* _About this exercise_:
The lines to transcribe begin with the one containing "圖1 2015-2019年風、光累計裝機量及棄風、棄光率" and end with the last line below; reproduce them exactly, without the pictures.

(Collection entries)
────

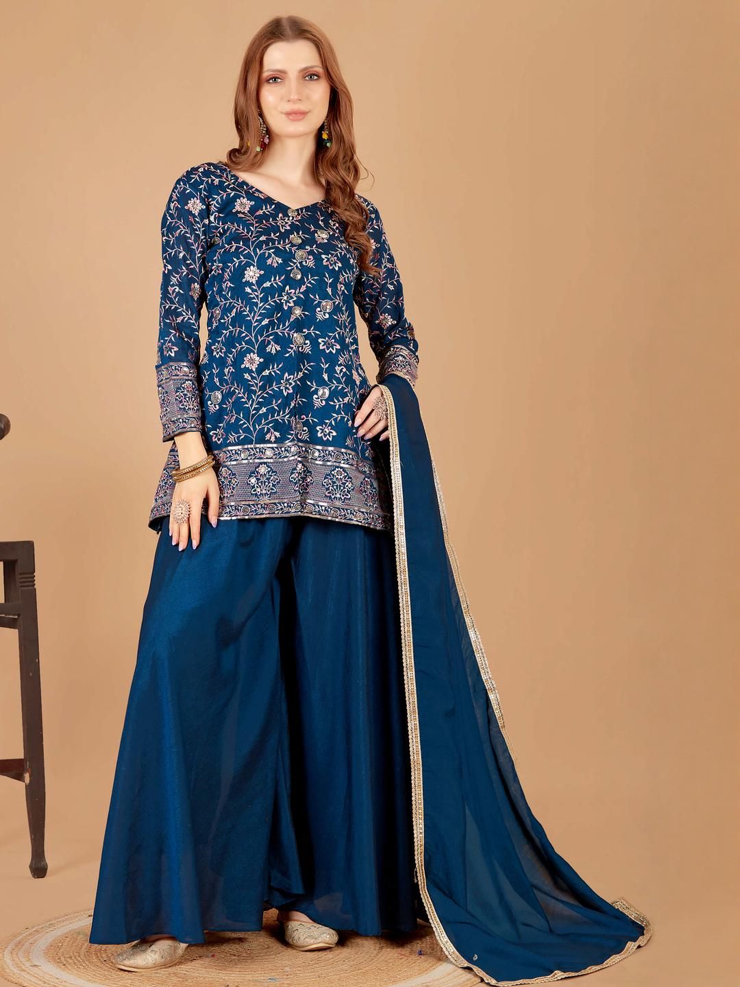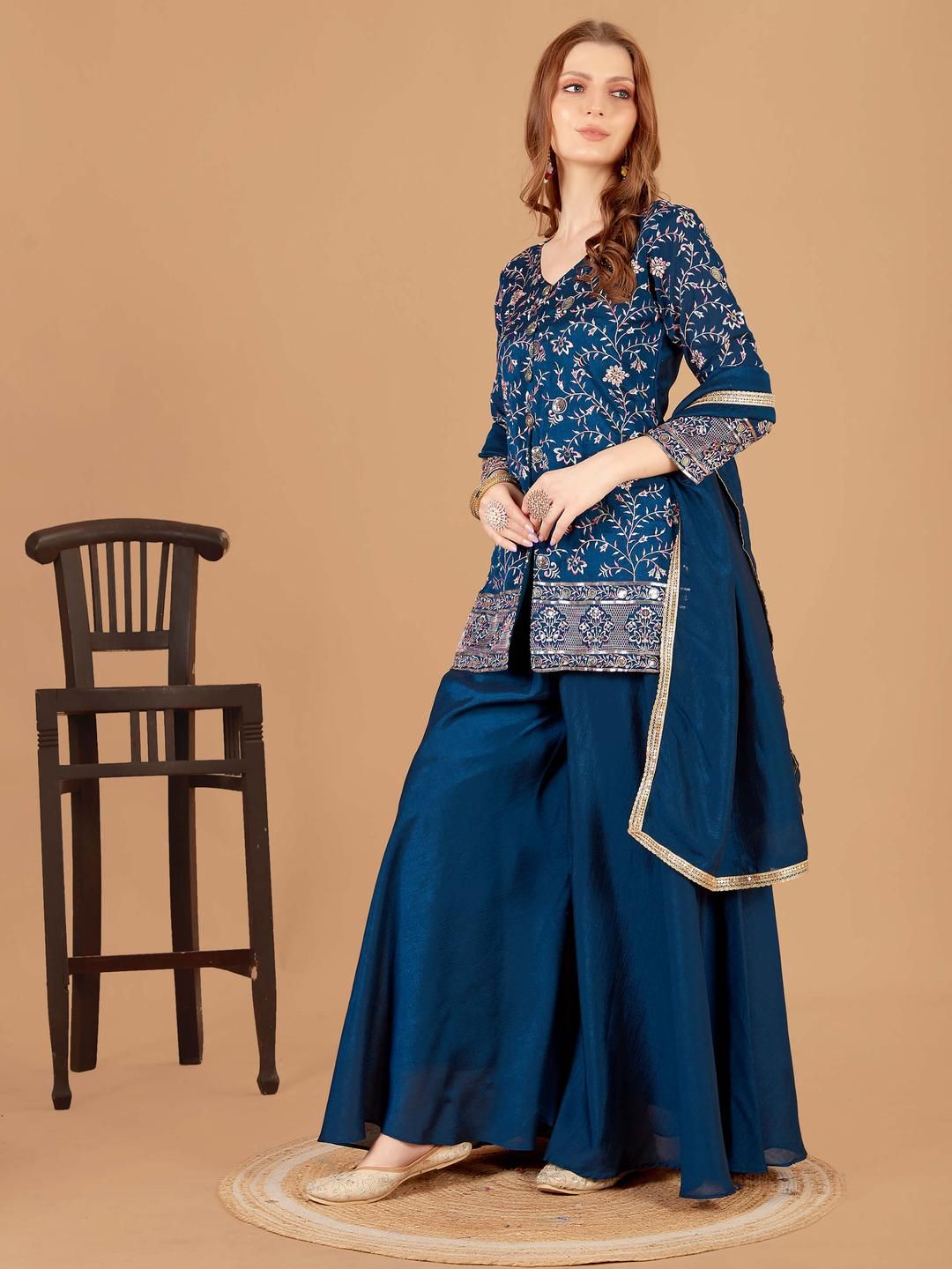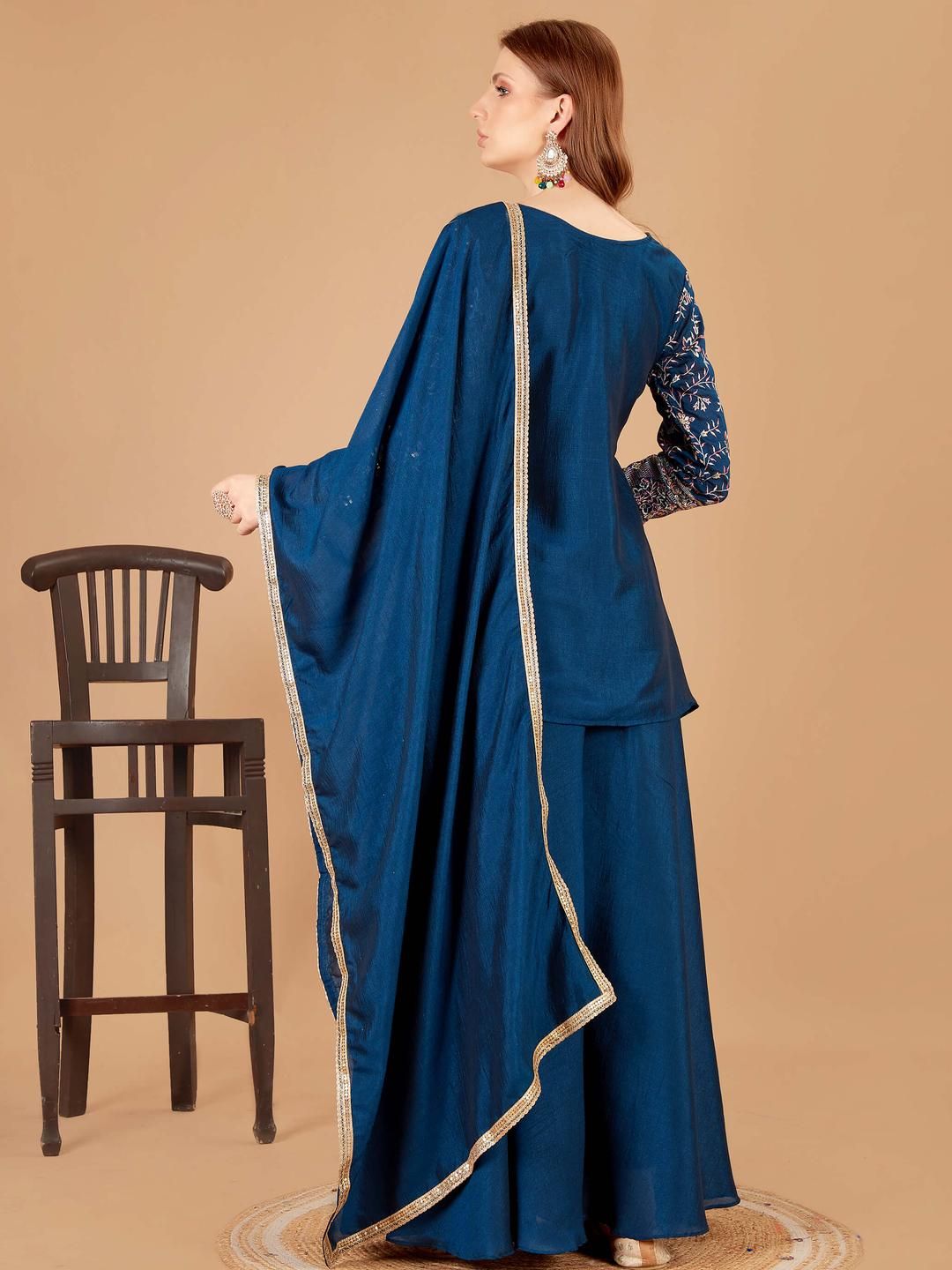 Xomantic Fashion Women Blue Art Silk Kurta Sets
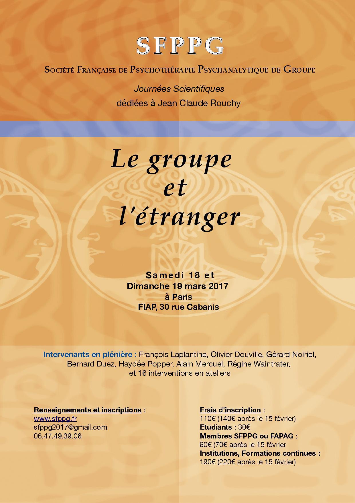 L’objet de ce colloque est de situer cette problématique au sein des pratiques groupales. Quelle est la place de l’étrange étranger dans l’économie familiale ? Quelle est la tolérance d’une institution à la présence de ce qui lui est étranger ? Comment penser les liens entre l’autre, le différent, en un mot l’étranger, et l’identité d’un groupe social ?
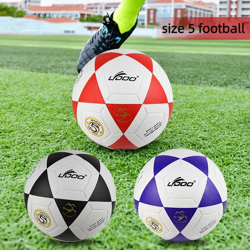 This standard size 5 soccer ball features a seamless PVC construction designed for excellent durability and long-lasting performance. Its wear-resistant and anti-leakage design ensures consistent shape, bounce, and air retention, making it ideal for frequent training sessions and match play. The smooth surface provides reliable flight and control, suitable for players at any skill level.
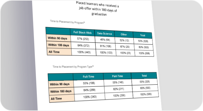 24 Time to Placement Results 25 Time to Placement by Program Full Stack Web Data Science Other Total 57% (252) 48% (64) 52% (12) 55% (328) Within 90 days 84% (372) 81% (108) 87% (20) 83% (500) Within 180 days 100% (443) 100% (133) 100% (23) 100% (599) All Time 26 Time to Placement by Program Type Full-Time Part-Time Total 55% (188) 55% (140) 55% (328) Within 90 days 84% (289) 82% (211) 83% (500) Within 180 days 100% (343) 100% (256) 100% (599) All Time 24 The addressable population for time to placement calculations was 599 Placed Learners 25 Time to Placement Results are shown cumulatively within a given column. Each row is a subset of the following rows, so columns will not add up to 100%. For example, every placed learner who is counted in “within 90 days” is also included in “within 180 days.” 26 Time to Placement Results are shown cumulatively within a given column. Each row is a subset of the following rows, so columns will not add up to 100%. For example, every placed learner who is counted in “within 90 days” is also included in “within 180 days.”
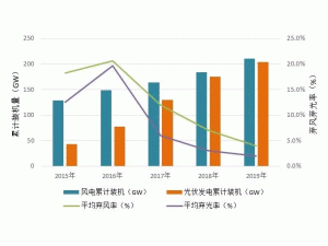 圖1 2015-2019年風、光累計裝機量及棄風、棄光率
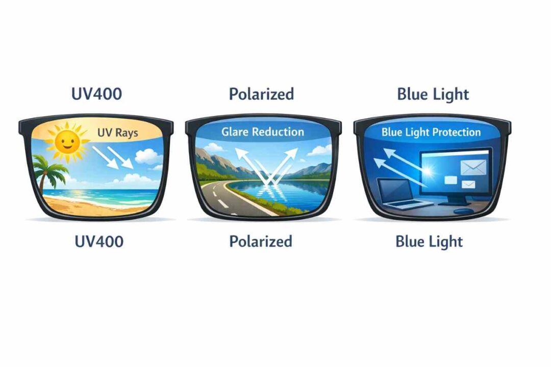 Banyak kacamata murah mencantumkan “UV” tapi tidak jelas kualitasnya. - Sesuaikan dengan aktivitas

────

* _Answer to the exercise_:
 圖1 2015-2019年風、光累計裝機量及棄風、棄光率
 Banyak kacamata murah mencantumkan “UV” tapi tidak jelas kualitasnya. - Sesuaikan dengan aktivitas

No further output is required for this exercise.